Мы подошли к пятаку белого сыпучего песка, искупались и легли позагорать. Задрав
голову, Сашка принюхался.
— Смотри, до моря еще полсотни километров — предположительно, а уже угадывается
его запах. И ветер явно морской. Улавливаешь, он доносит былые времена, грохот
морских сражений, крики пиратов?.. Ветер дает ощущение пространства. Когда дует
ветер, мне просторно, разыгрывается воображение, в голове появляются светлые
мысли. Такой мягкий аргумент.
Я думал, мой друг просто закладывает основы хорошего настроения, а он вдруг
глубоко вздохнул и обрушил на меня настоящую исповедь.
— И как там мои старики без меня? Двоюродная сестра обещала заходить, но она
такая необязательная, кукла... Понимаешь, мои старики — беспомощные люди. У
матери склероз, она рассеянна — дальше некуда, а у отца больные ноги... Мать
всегда была не от мира сего. Еще когда я учился в школе, она вечно забывала, в
каком я классе. И ни разу не была в школе... Нет, однажды пришла, когда меня
обвинили в воровстве. У кого-то шапка пропала, а уборщица последним видела меня.
Потом-то шапку нашли. Ну а мать пришла в школу, накричала на всех, но оказалось,
перепутала школы. Зашла в соседнюю, женскую...
Сашка засмеялся, потянулся и, чтобы загореть равномерно, перевернулся.

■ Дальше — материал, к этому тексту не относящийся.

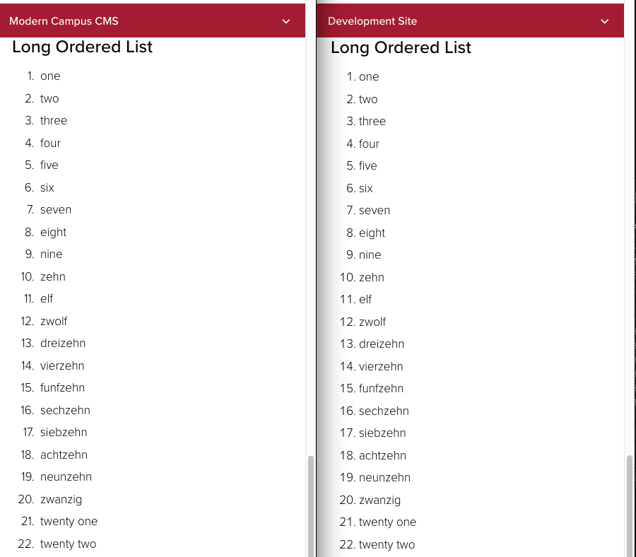 Ordered Lists in Crimson will no longer use custom CSS counters. This will allow users to take advantage of the variety of ordered list types available in the WYSIWYG toolbar without applying even more CSS to override the templates.
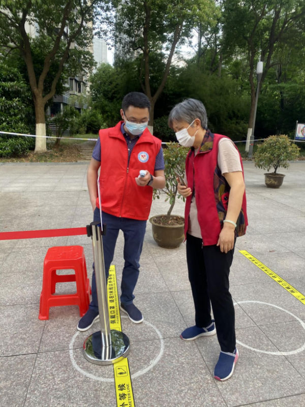 在天鵝湖畔小區,葉鋒、丁守忠化身“大白”,配合核酸檢測人員進行掃碼錄入工作,直至晚上十點;許明仙、王宜身著紅色志愿馬甲,配合待檢人員的測溫、安康碼核驗及秩序引導維護。在國際麗晶城小區,汪洋、陳秋宇穿上防護服,配合開展核酸檢測登記錄入。支部發展對象鄭宇倩所在小區處于封控區,得知社區需要防疫志愿者時,主動報名參加小區防疫先鋒隊,協助醫護人員核酸檢測。一天下來,汗透的衣服和酸痛的小腿,讓大家深刻體會到疫情防控工作的辛苦,切身感受到防控成果的來之不易。
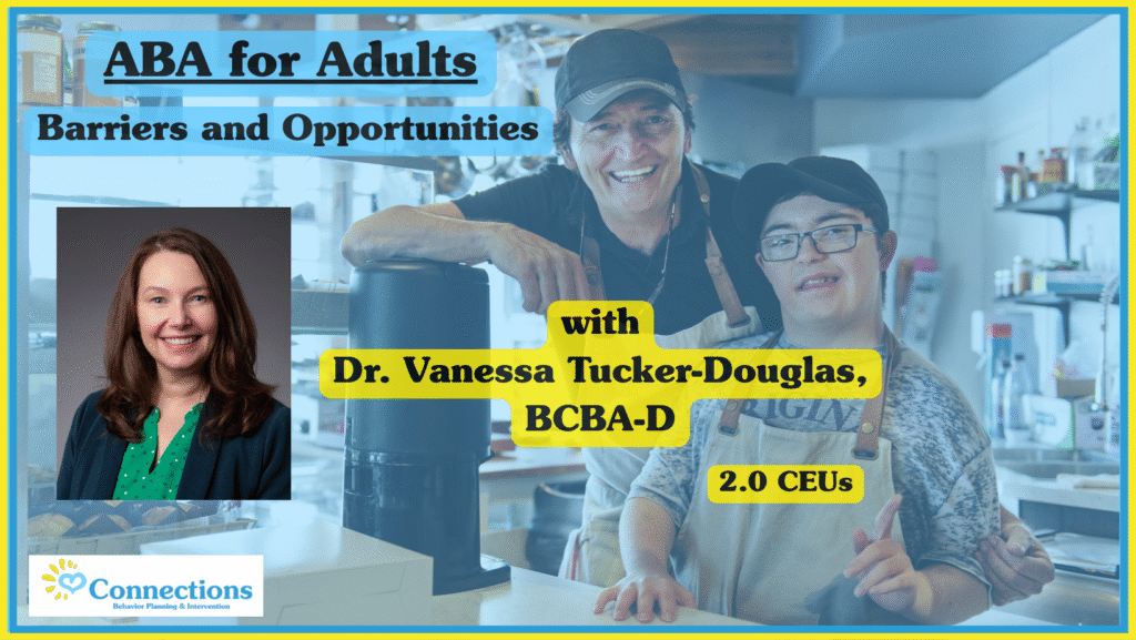 - Connections Behavior Planning and Intervention welcomes Dr. Vanessa Tucker-Douglas, Ph.D., BCBA-D, for an online webinar on working with adults.
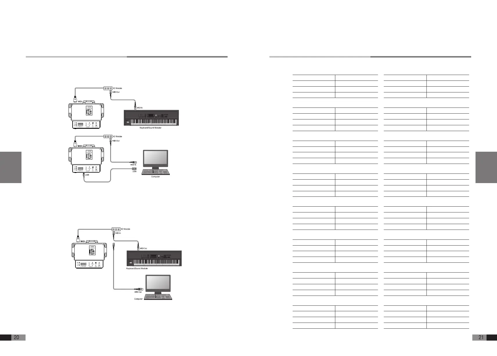 parámetros de conexión con los equipos MIDI externo deben tener en cuenta la lista de
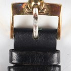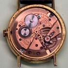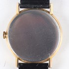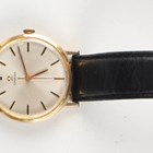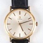 An Omega gilt metal fronted and steel backed circular cased gentleman's wristwatch with signed and jewelled manual wind movement, the signed silvered dial with gilt baton hour markers, case diameter 3.4cm, on a brown leather strap with Omega buckle.
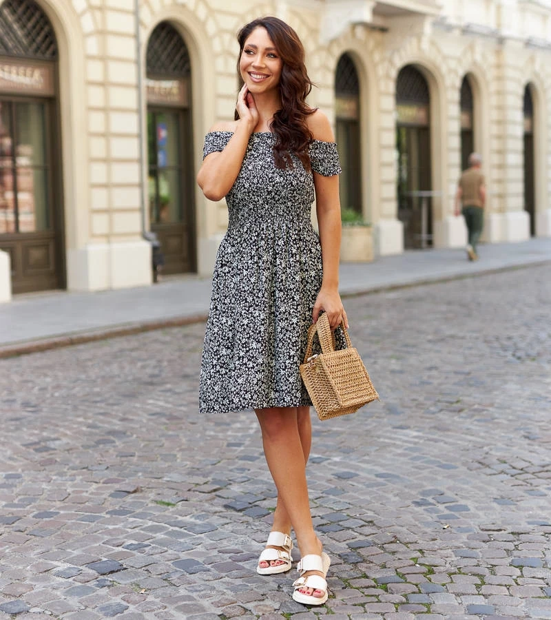 Šedé šaty na ramienkach s kvetinovým vzorom Attilio
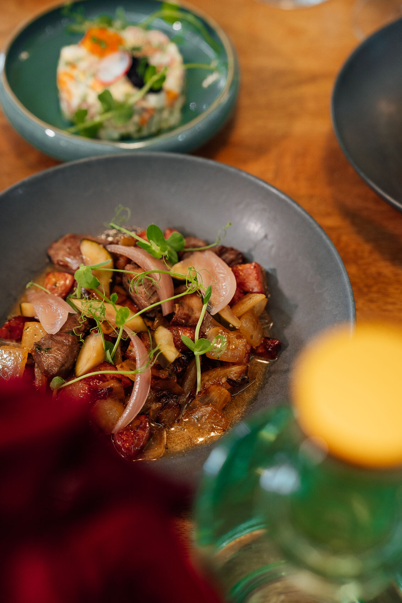 O espaço mistura o charme do design contemporâneo com toques clássicos: lustres discretos, mesas com acabamento em madeira nobre, e uma iluminação suave que convida à conversa e à partilha — experimente as nossas tapas partilhadas e um bom vinho para reunir amigos e família. O atendimento é caloroso, atento e personalizado — fazendo-o sentir-se especial desde o primeiro instante.
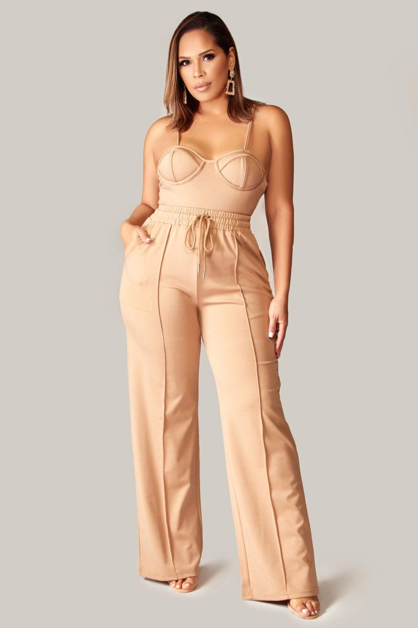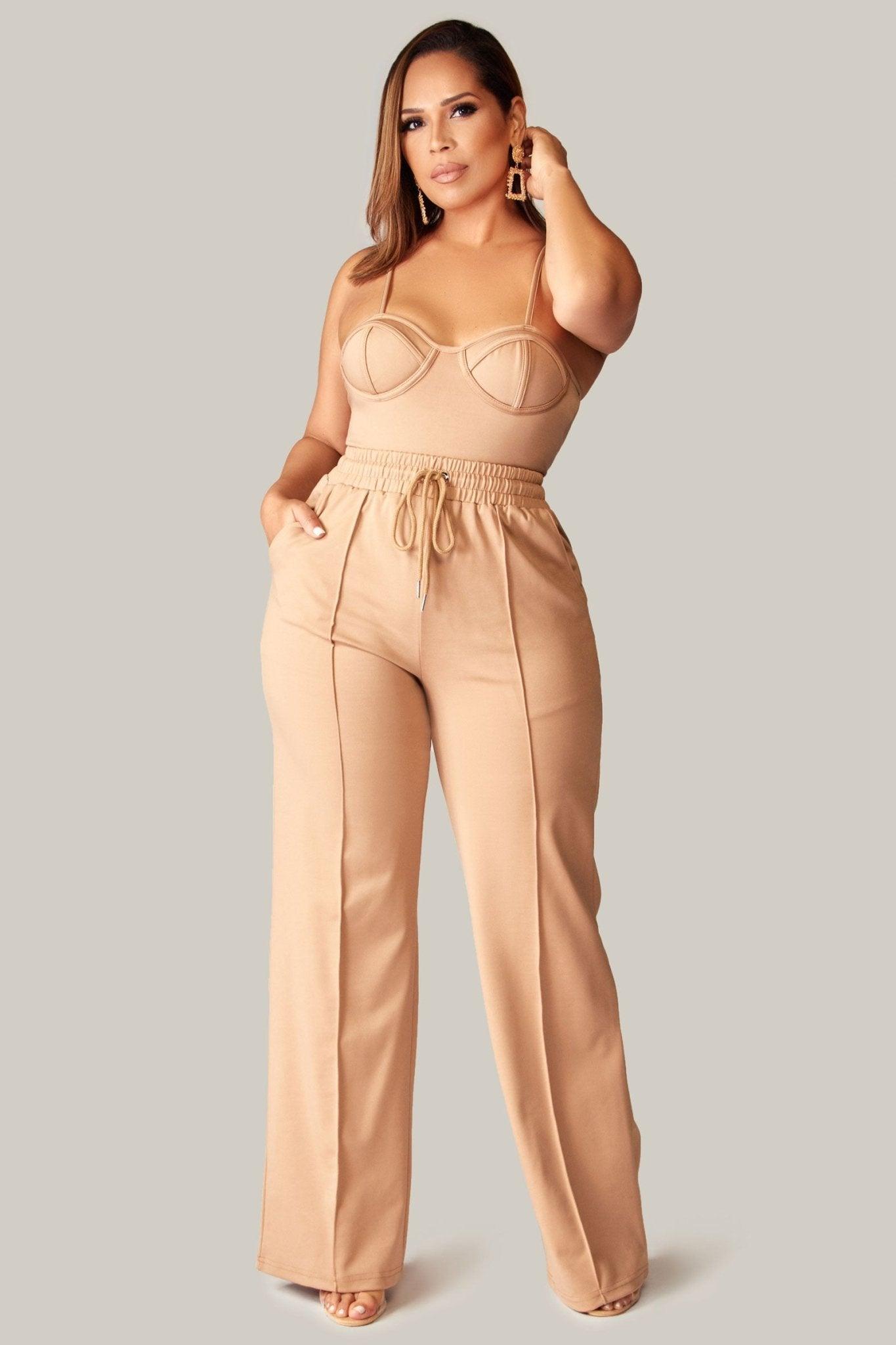 - 2 Piece set includes: Pants and spaghetti strap corset bodysuit top.

— И отец мой чудак. Все мечтает разбогатеть. Мы жили-то всегда в нужде... Отец
говорит, что он из княжеского рода. Будто бы когда-то Петр Первый выписал из
Англии Гамильтонов лить пушки, те женились на княжнах, родственниках отца, а
впоследствии все умотали во Францию.
— Ладно заливать-то, — грубо оборвал я Сашку.
— Представь себе. Именно так. А муниципалитеты городов, которые стоят на земле
Гамильтонов, выплачивают огромную пошлину; раз в столетие потомкам Гамильтонов в
Англии, а раз потомкам отца в России. Но в России-то остался только отец. И надо
же! Именно в наше столетие ему должны подвалить миллионы. Отец уже потирал руки,
но вдруг его вызывают в Большой дом и сообщают: «Вряд ли получите. Недавно была
аналогичная история. У одних в Америке кто-то умер, и послали целый пароход
наследства, но пришла депеша: «Пароход затонул недалеко от берегов Европы...
кое-что удалось спасти». Им дали мотоцикл с коляской. Вот такая история…
Сашка снова засмеялся и принял прежнюю позу.
— Но может, отец все придумал. Он любит поюморить... Отец вообще чудик — перед
пенсией заведовал одной технической конторой... и не брал на работу женщин.
«Женщины хороши только после работы», — говорил. Даже если ему рекомендовали
очень талантливую женщину, он вместо нее брал посредственного мужчину.
— Правильно, женщинам в технике делать нечего, — вставил я.
— Да не скажи. У нас на факультете есть очень способные девчонки, сто очков
вперед некоторым парням дадут. Или вот, пожалуйста, Наташа. Она филолог, но
здорово разбирается в технике, у нее нестандартное мышление... Она лучше всех, а
ее красота — страшная сила. И это железный аргумент, честно. Она красивая, но
знает как себя вести, чтобы мужчины ее не боялись.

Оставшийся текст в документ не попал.